WORK TO COMPLETE: What you produce should match the records below precisely, except that images are removed.

PROVIDED DATA:
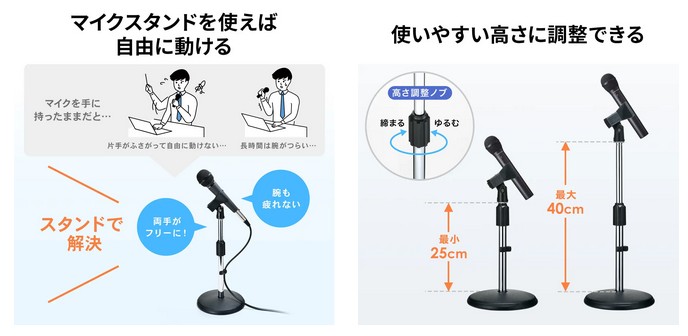 マイクスタンドがあれば、話しながら両手が使えるので、マイクを手に持ったままの不便さや腕のだるさを解消できる。25~40cmまでの高さ調節が可能だ。
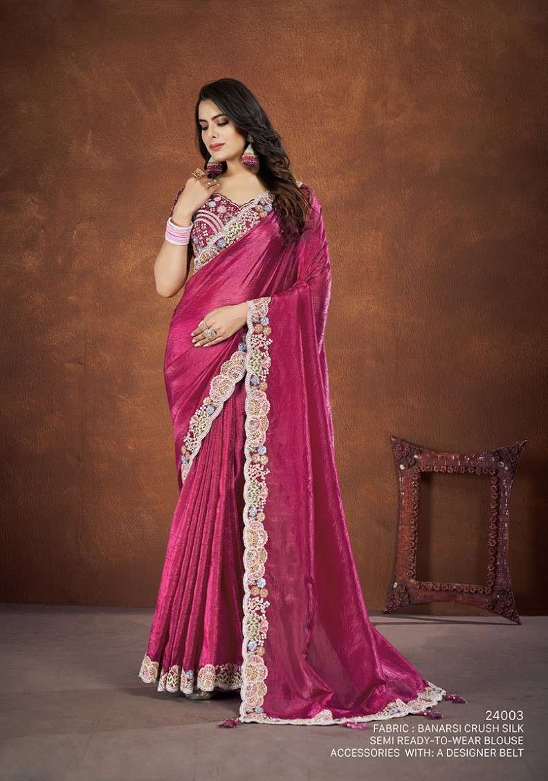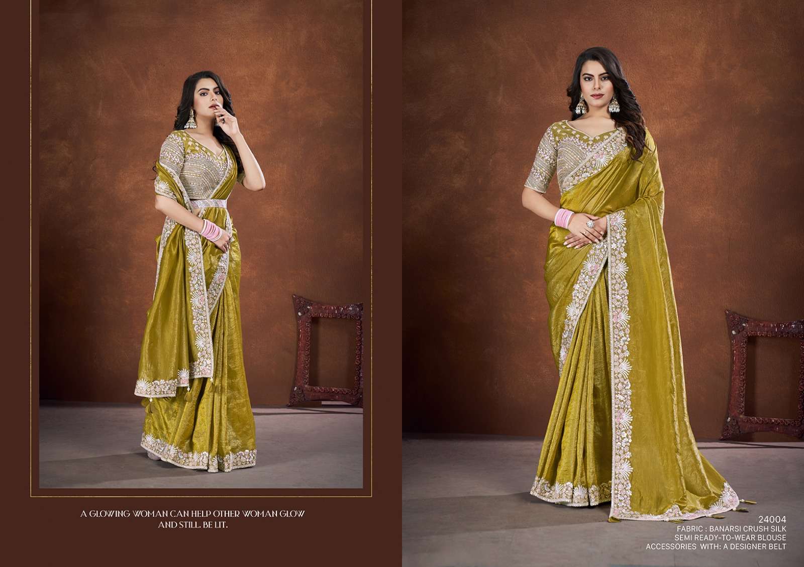 ♻ OUR NEW PARTY WEAR DESIGNER SAREE COLLECTION ♻️ BRAND NAME : MAHOTSAV CATALOG : "MOHMANTHAN " 24000 SERIES "SAHA SAKI" PRICE :- FABRIC -: ATTACHED BLOUSE TYPE : STITCHED BLOUSE SIZE : UP TO 38 INCH WITH MARGIN OF 02 INCH |
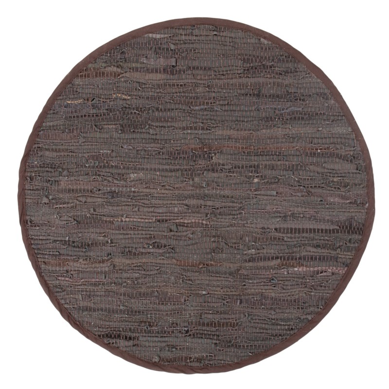 Кръгла постелка за под, изработена от памук в тъмно кафяв цвят.
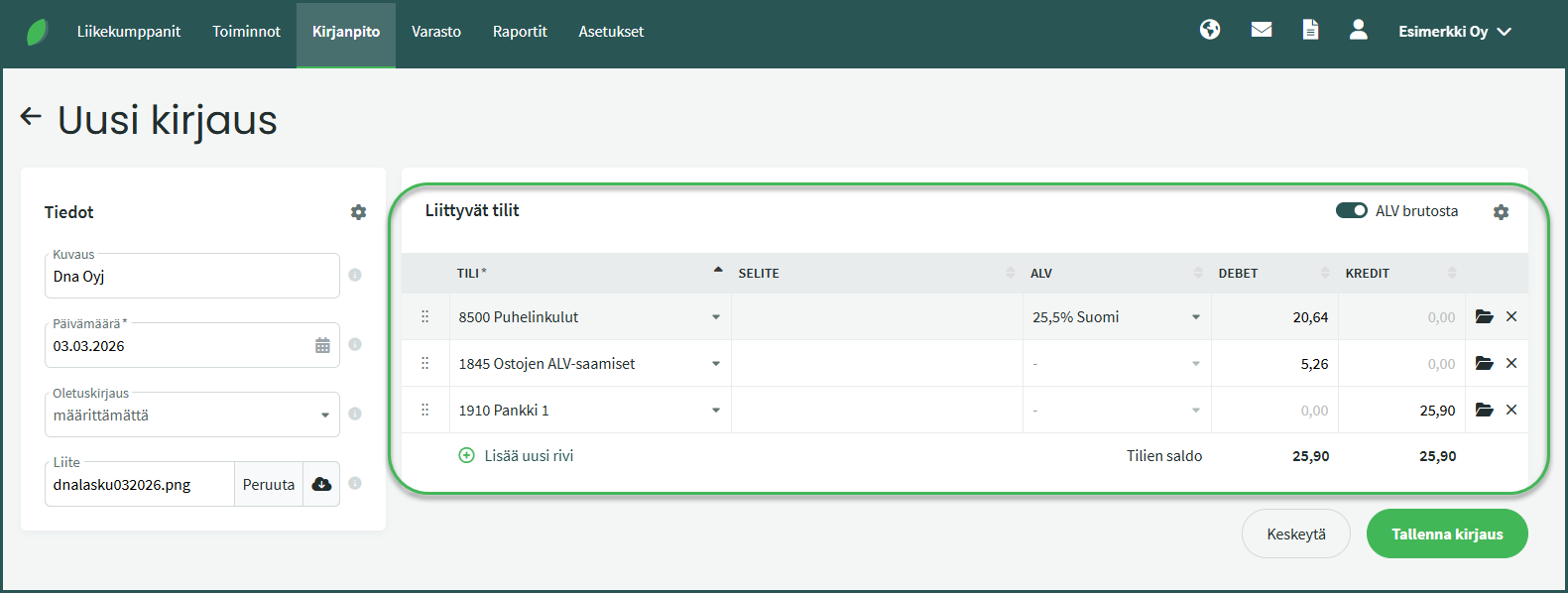 Kirjauksella on oletuksena yksi rivi. Kun täytät ensimmäisen rivin, ohjelma lisää uudelle riville automaattisesti jäljellä olevan summan. Valitse uudelle riville kirjanpidon tili, tarvittaessa ALV-kanta ja tarkista summa. Kirjauksella tulee olla vähintään kaksi riviä, ja debet- ja kreditpuolen summien on täsmättävä.
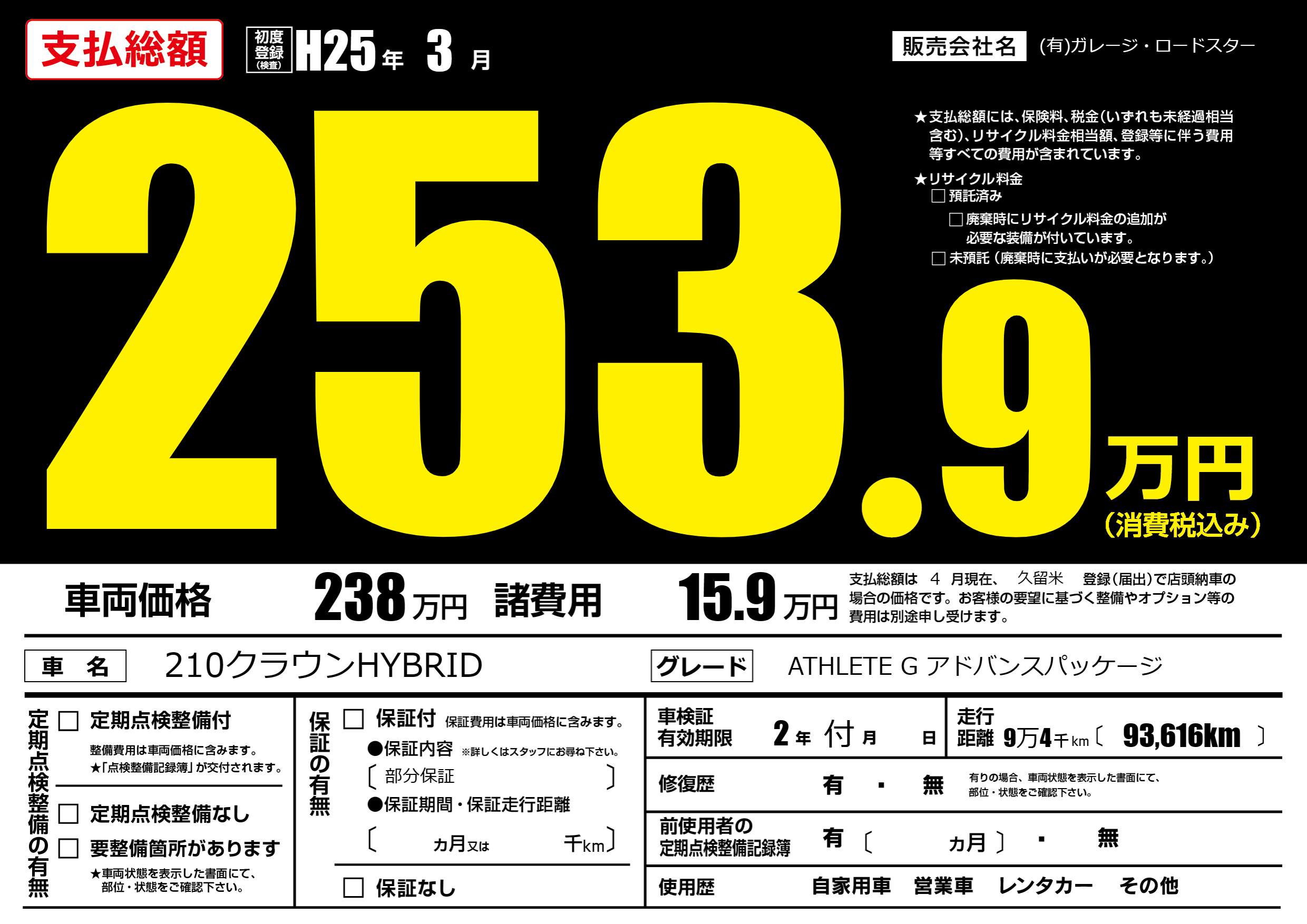 | 車名 | 210クラウンHYBRID | グレード ミッション 排気量 |
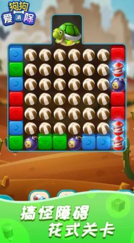 狗狗爱消除玩具炸弹手机版是一款具有挑战性的消除手游,玩家将在游戏中带领一只可爱的小狗进行闯关,完成各种三消任务,游戏玩法非常简单,玩家只需要动动手指点击屏幕上相同图案的方块即可完成消除,主要还是考验玩家的观察力和计算能力,还是比较有挑战性的。
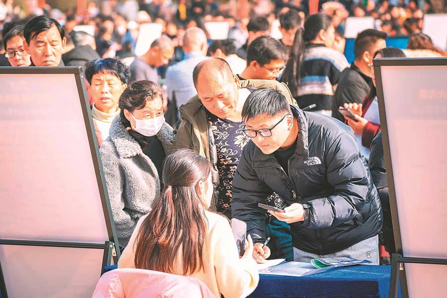 2月22日,当涂县“春风行动·初六大集”专项招聘会现场,求职者了解招聘信息。通讯员 张明伟 摄
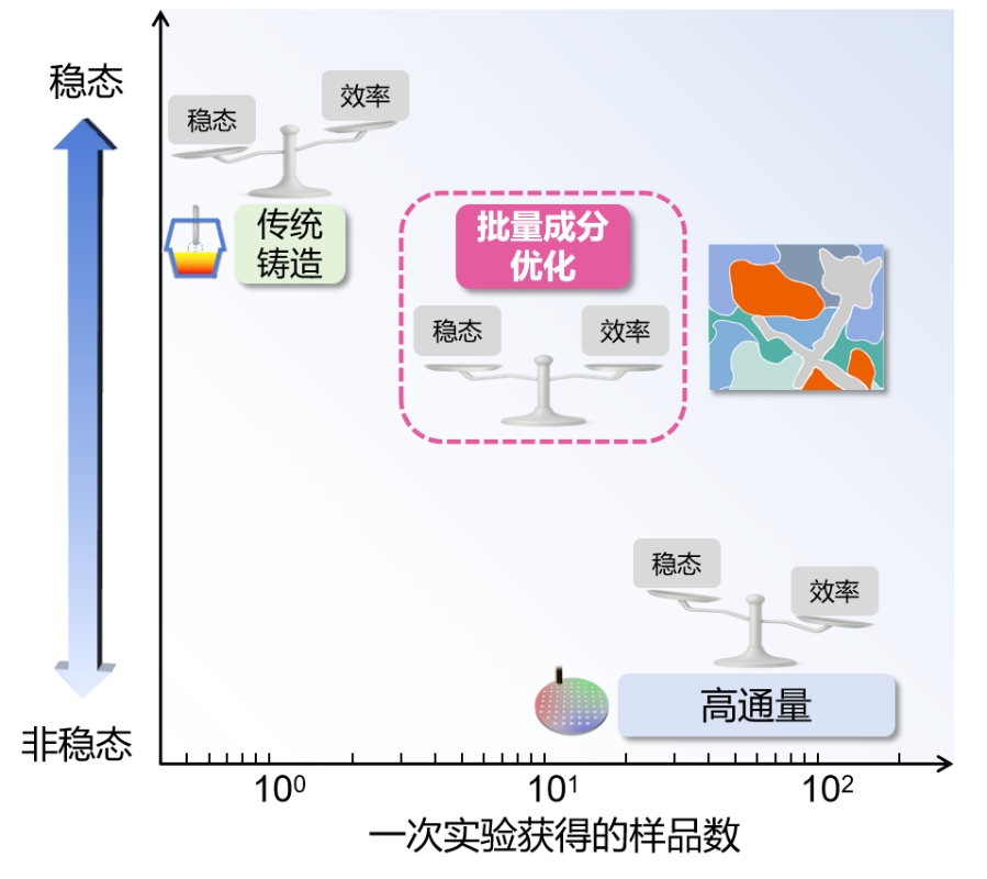 成分设计是材料科学的基础。现有的材料成分设计主要有两种方式:一种是传统的单次制备法,该方法每次仅合成一个特定成分的样品,具有结构稳定、成分可控等优点,适用于机理研究,但制备效率较低;另一种是以磁控溅射为代表的高通量制备法,能够在一次实验中获得多个不同组成的样品,提升了搜索效率,但制备出的样品多为非稳态结构,难以重复合成或应用于实际场景。
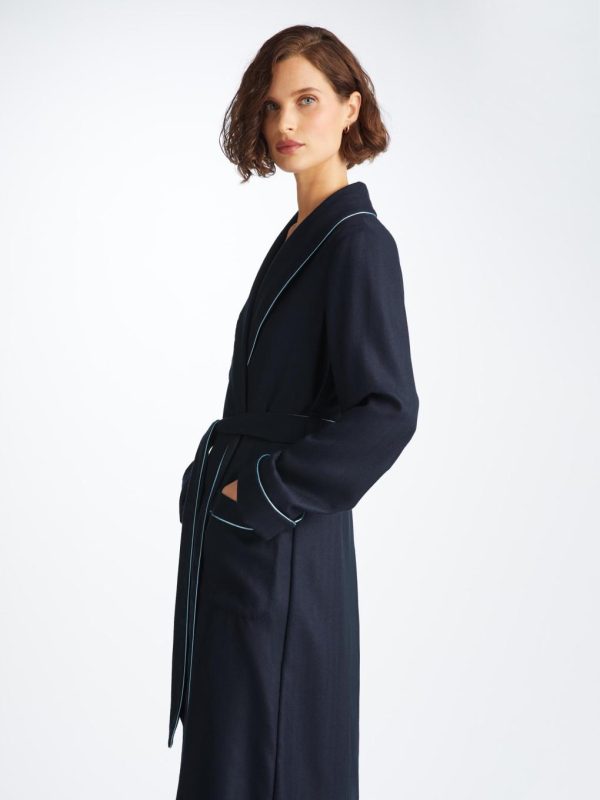 To care for your Duke Cashmere Navy Women’s Dressing Gown please be aware of the following care considerations:
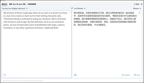 DeepL是一款来自德国的人工智能翻译工具,支持中文、 英语、德语等九种语言之间的全文翻译,其运行方式是利用人工智能技术和神经网络来不断训练和提升翻译能力。 1、支持文本英译汉 将要翻译的英语原文输入到区域内,之后机器翻译的结果就会出现在右侧框内,可以选择不同语言进行翻译。
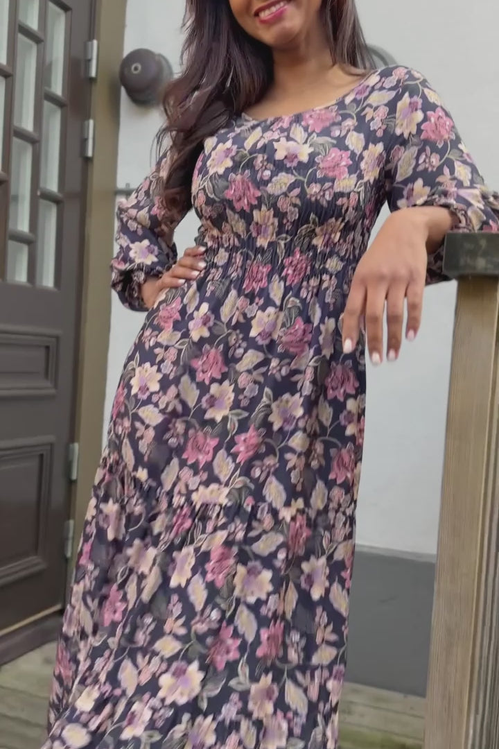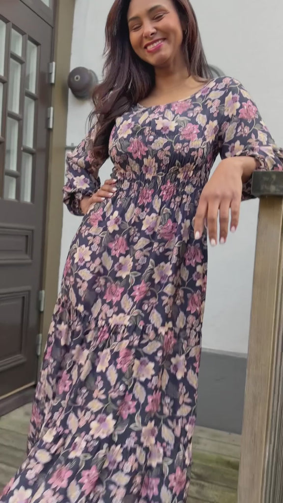 Soft viscose smock midi dress - Navy pink flower
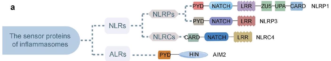 التهاب البنكرياس، والتهاب البنكرياس المزمن. يلعب NLRP3 دورًا حاسمًا في التهاب أنسجة البنكرياس. NLRP3، كاسبيز-1، برو-IL-1
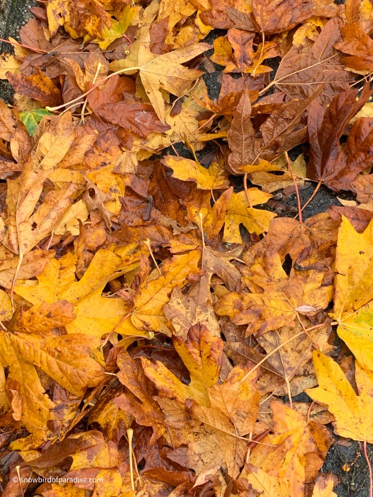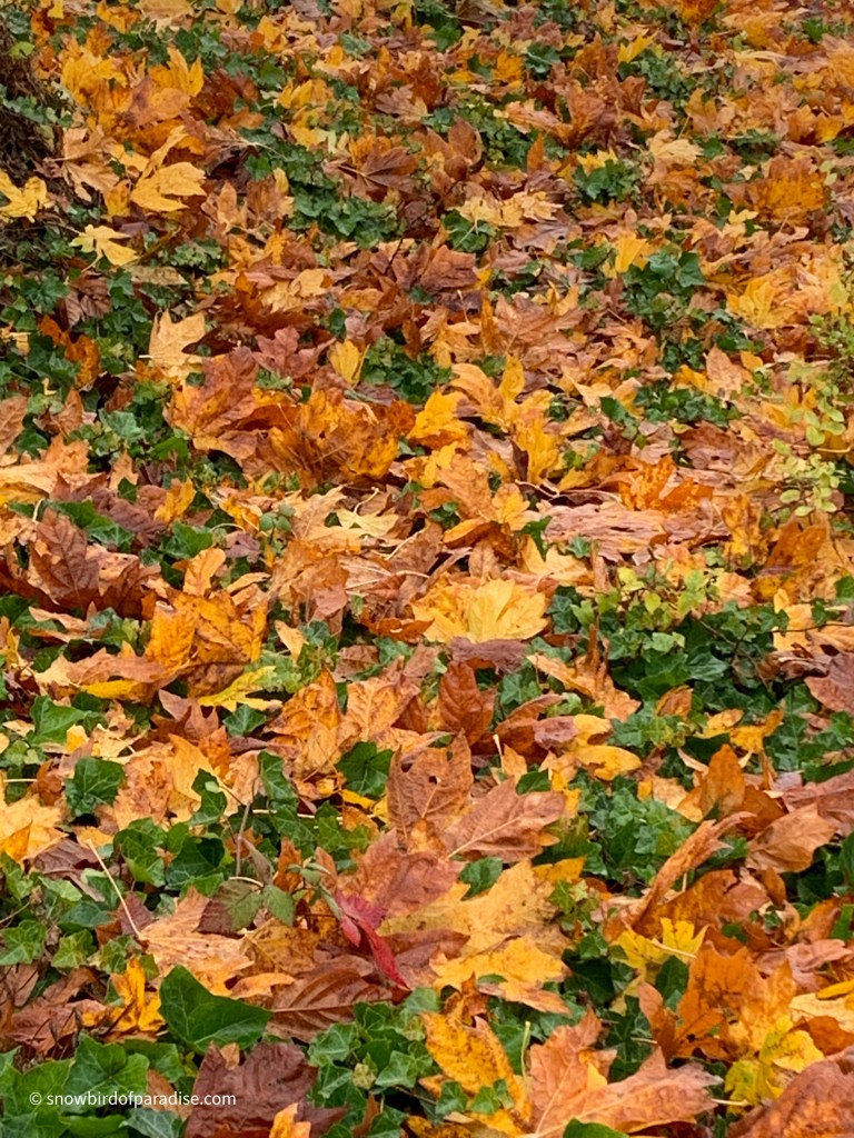 The weather forecast is for snow tonight, so before the leaves are all blown away or covered up, here are today’s colours.
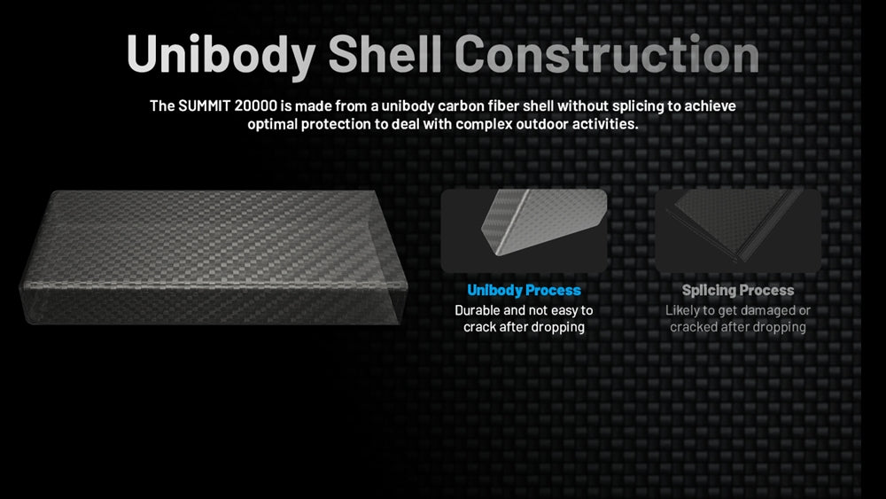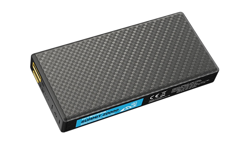 The Nitecore Summit 20000 power bank is crafted with a unibody carbon fiber shell, making it both sturdy and exceptionally lightweight, tipping the scales at just 10.69 ounces. Its seamless design not only renders it impact-resistant up to 1.5 meters, but it's also rated IPx5 water-resistant, perfect for outdoor adventures.
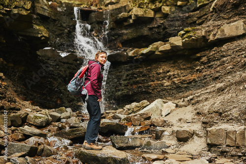 © Przemek Klos, Obraz premium Hiking in mountains. Woman enjoying hike on sunny vacation day. Female with backpack walking close to waterfall. Spending summer vacation close to nature

YOUR SOLUTION:
 マイクスタンドがあれば、話しながら両手が使えるので、マイクを手に持ったままの不便さや腕のだるさを解消できる。25~40cmまでの高さ調節が可能だ。
 ♻ OUR NEW PARTY WEAR DESIGNER SAREE COLLECTION ♻️ BRAND NAME : MAHOTSAV CATALOG : "MOHMANTHAN " 24000 SERIES "SAHA SAKI" PRICE :- FABRIC -: ATTACHED BLOUSE TYPE : STITCHED BLOUSE SIZE : UP TO 38 INCH WITH MARGIN OF 02 INCH |
 Кръгла постелка за под, изработена от памук в тъмно кафяв цвят.
 Kirjauksella on oletuksena yksi rivi. Kun täytät ensimmäisen rivin, ohjelma lisää uudelle riville automaattisesti jäljellä olevan summan. Valitse uudelle riville kirjanpidon tili, tarvittaessa ALV-kanta ja tarkista summa. Kirjauksella tulee olla vähintään kaksi riviä, ja debet- ja kreditpuolen summien on täsmättävä.
 | 車名 | 210クラウンHYBRID | グレード ミッション 排気量 |
 狗狗爱消除玩具炸弹手机版是一款具有挑战性的消除手游,玩家将在游戏中带领一只可爱的小狗进行闯关,完成各种三消任务,游戏玩法非常简单,玩家只需要动动手指点击屏幕上相同图案的方块即可完成消除,主要还是考验玩家的观察力和计算能力,还是比较有挑战性的。
 2月22日,当涂县“春风行动·初六大集”专项招聘会现场,求职者了解招聘信息。通讯员 张明伟 摄
 成分设计是材料科学的基础。现有的材料成分设计主要有两种方式:一种是传统的单次制备法,该方法每次仅合成一个特定成分的样品,具有结构稳定、成分可控等优点,适用于机理研究,但制备效率较低;另一种是以磁控溅射为代表的高通量制备法,能够在一次实验中获得多个不同组成的样品,提升了搜索效率,但制备出的样品多为非稳态结构,难以重复合成或应用于实际场景。
 To care for your Duke Cashmere Navy Women’s Dressing Gown please be aware of the following care considerations:
 DeepL是一款来自德国的人工智能翻译工具,支持中文、 英语、德语等九种语言之间的全文翻译,其运行方式是利用人工智能技术和神经网络来不断训练和提升翻译能力。 1、支持文本英译汉 将要翻译的英语原文输入到区域内,之后机器翻译的结果就会出现在右侧框内,可以选择不同语言进行翻译。
 Soft viscose smock midi dress - Navy pink flower
 التهاب البنكرياس، والتهاب البنكرياس المزمن. يلعب NLRP3 دورًا حاسمًا في التهاب أنسجة البنكرياس. NLRP3، كاسبيز-1، برو-IL-1
 The weather forecast is for snow tonight, so before the leaves are all blown away or covered up, here are today’s colours.
 The Nitecore Summit 20000 power bank is crafted with a unibody carbon fiber shell, making it both sturdy and exceptionally lightweight, tipping the scales at just 10.69 ounces. Its seamless design not only renders it impact-resistant up to 1.5 meters, but it's also rated IPx5 water-resistant, perfect for outdoor adventures.
 © Przemek Klos, Obraz premium Hiking in mountains. Woman enjoying hike on sunny vacation day. Female with backpack walking close to waterfall. Spending summer vacation close to nature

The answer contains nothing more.